Biological Landscape
"Nature is not a photograph -life needs time- and we are running out of time to preserve the
part of ourselves which lies within our reach but beyond our skin", writes Ariel Ruiz i Altaba in
the introduction for his book Embryonic Landscapes, a collection of photographs taken by this
artist and molecular embryology researcher. Ruiz i Altaba’s handsome photographs represent
aesthetic compositions whose specific molecular referent speaks of a way of achieving
scientific knowledge. Ruiz i Altaba’s biological landscapes brings us beyond the limits of our
perceptual field; they unmask through the use of microscopic devices the complexity of human
cellular functions as well as the importance of scientific investigation and applications of
technology for the understanding of our organism’s behavior.
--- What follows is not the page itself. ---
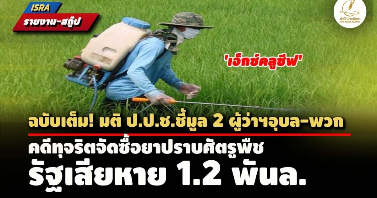 หากสาธารณชนยังจำกันได้ ในช่วงเดือน พ.ย.2565 สำนักข่าวอิศรา (www.isranews.org) เคยนำเสนอข่าวไปแล้วว่า ที่ประชุมคณะกรรมการป้องกันและปราบปรามการทุจริตแห่งชาติ (ป.ป.ช.) มีมติชี้มูลความผิดผู้ถูกกล่าวหาในคดีจัดซื้อสารเคมีป้องกันและกำจัดศัตรูพืช เพื่อช่วยเหลือผู้ประสบภัยพิบัติฉุกเฉิน (ด้านพืช) ในพื้นที่จังหวัดอุบลราชธานี จำนวน 3 สำนวน คือ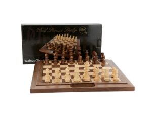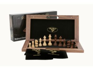 The set is housed in an elegant Walnut Finish Chess Box, measuring 16 inches in width. The rich, dark walnut finish lends a timeless and sophisticated look to the chess box, enhancing the overall aesthetic appeal. The box is not merely a storage solution; it’s a presentation piece that adds to the overall grandeur of the set.

When viewed exclusively as
abstract photographs though, these images confront the viewer with the infinite pleasure of
contemplation. Ruiz i Altaba’s use of formal strategies such as line, composition, tonal
intensity and self-conscious cropping frame his work within a tradition of formalist
photography- reminiscent of Edward Weston’s or Ernst Haas’- for which the natural landscape
was but a starting point for reflective meditation.
Lyrical Landscape
Raissa Venables’ large-scale digital collages of interior spaces face the viewer with images
more real than ordinary photographs can boast. Venables optimizes the details of many
photographs and incorporates them into one massive rendering. In the resulting images the
inside of a tent, an elevator and a stairwell evoke an almost philosophical awareness of the
impression that familiar spaces have on the psyche of their inhabitants. "Sometimes in the
presence of a familiar object we experience an extension of our intimate space", writes Gaston
Bachelard in "The Poetics of Space"; similarly, the rendered objects in Venables photographs
bear the weight of our emotional projections and attachments. Venables proposes an
experiential encounter with her photographs achieved by challenging the viewer’s traditional
expectations of the reading of an image.